Figure 3: Schematic illustration of the feedback effects of a channel-spanning logjam on carbon storage.
figure 3

In the absence of a sufficient number and size of logs to form persistent jams and overbank flooding, a single-thread channel is maintained with high transport capacity for wood, fine sediment and organic matter, and limited deposition across the floodplain. Along unconfined stream segments with old-growth riparian forests, characterized by high stem densities and large diameter trees, large volumes of wood enter the stream and create channel-spanning logjams at frequent intervals down the channel. Each of these obstructions creates backwater and sedimentation upstream, and facilitates overbank flow across the floodplain. Overbank flow enhances the deposition of dissolved and particulate organic matter being transported by stream flow. Also, shallow overbank flows move slowly across the topographically rough floodplain with limited erosional capability, so on-site organic matter is retained and incorporated into litter and duff layers on the forest floor (fine organic matter in Fig. 2). Fallen wood from the riparian forest also remains in place, rather than being transported downstream, further contributing to carbon storage on the floodplain, as reflected in the photo at the bottom of the illustration. This photo is a portion of the valley bottom at the unconfined, old-growth, multi-thread channel valley segment characterized for this study. Note the abundant wood on the forest floor. In all cases, flow is from upper right toward lower left.

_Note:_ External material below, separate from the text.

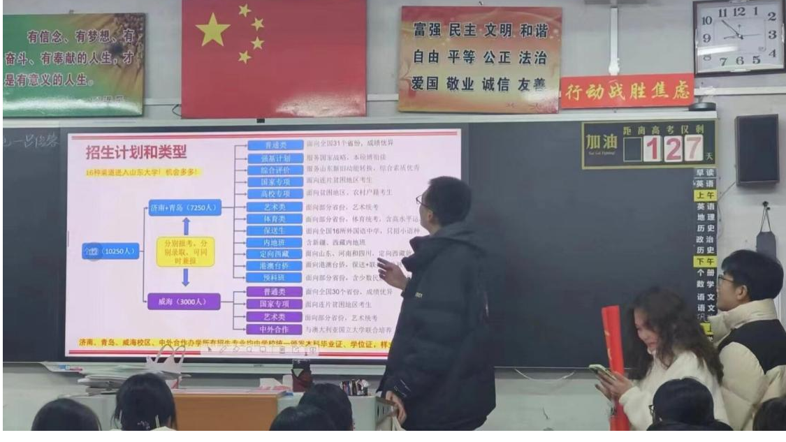 首先,史凯文依次介绍了山东大学的办学历史、学科建设以及招生培养政策,并着重介绍了强基计划招生政策与综合评价,鼓励同学们积极报考山东大学。

For purposes of comparison, uplands in this region are estimated to have net primary production of 2.8 Mg C ha−1 per year and decomposition of 1.42 Mg C ha−1 per year, resulting in net carbon balance of 1.38 Mg C ha−1 per year20. Carbon pools and fluxes are remarkably consistent across diverse forested subalpine sites. Carbon pools increase with stand age and time since forest disturbance, although detrital carbon stored in the upland forest floor is more variable, partly as a function of the history of wildfire and surface erosion20. Floodplains with old-growth forest are likely to have the greatest carbon pools in the region and low disturbance and surface erosion. If we use the regional estimate of 1.38 Mg C ha−1 per year net carbon balance and an average value of 2,350 Mg C ha−1 in unconfined valley segments, this suggests 1,700 years to accumulate measured carbon stocks in unconfined valley segments. This is likely an overestimate of time required to accumulate carbon because of the mechanisms described above that concentrate carbon storage in unconfined valley bottoms. However, 1,700 years is not unreasonable given the range of radiocarbon ages of floodplain sediment and organic matter at the study sites.

Discussion

The first-order approximations of carbon storage in floodplain sediment and coarse wood presented here have at least three important implications. First, valley segments differ markedly with respect to carbon storage. Greater valley-bottom area, greater floodplain sediment depth and large amounts of down coarse wood in old-growth stands create the greatest storage of organic carbon in unconfined valley segments of the study area. Within these segments, old-growth forest or beavers are critical to retention of biomass carbon and carbon-rich floodplain sediment (Fig. 3). The large trees of old-growth stands eventually become stored carbon in dead wood and, if recruited to the channel, facilitate formation of channel-spanning logjams that create backwater depositional areas and enhance overbank flow and floodplain deposition and organic carbon retention17. Beaver dams similarly enhance overbank flow, floodplain deposition and organic matter retention, and maintain high water tables that support dense stands of willow (Salix spp.) and other riparian shrubs30,31,32. The unequal distribution throughout the river network of carbon stored in floodplain sediment and coarse wood suggests that resource management designed to facilitate carbon storage can be most effectively focused on the relatively small proportion of channel segments with unconfined valleys.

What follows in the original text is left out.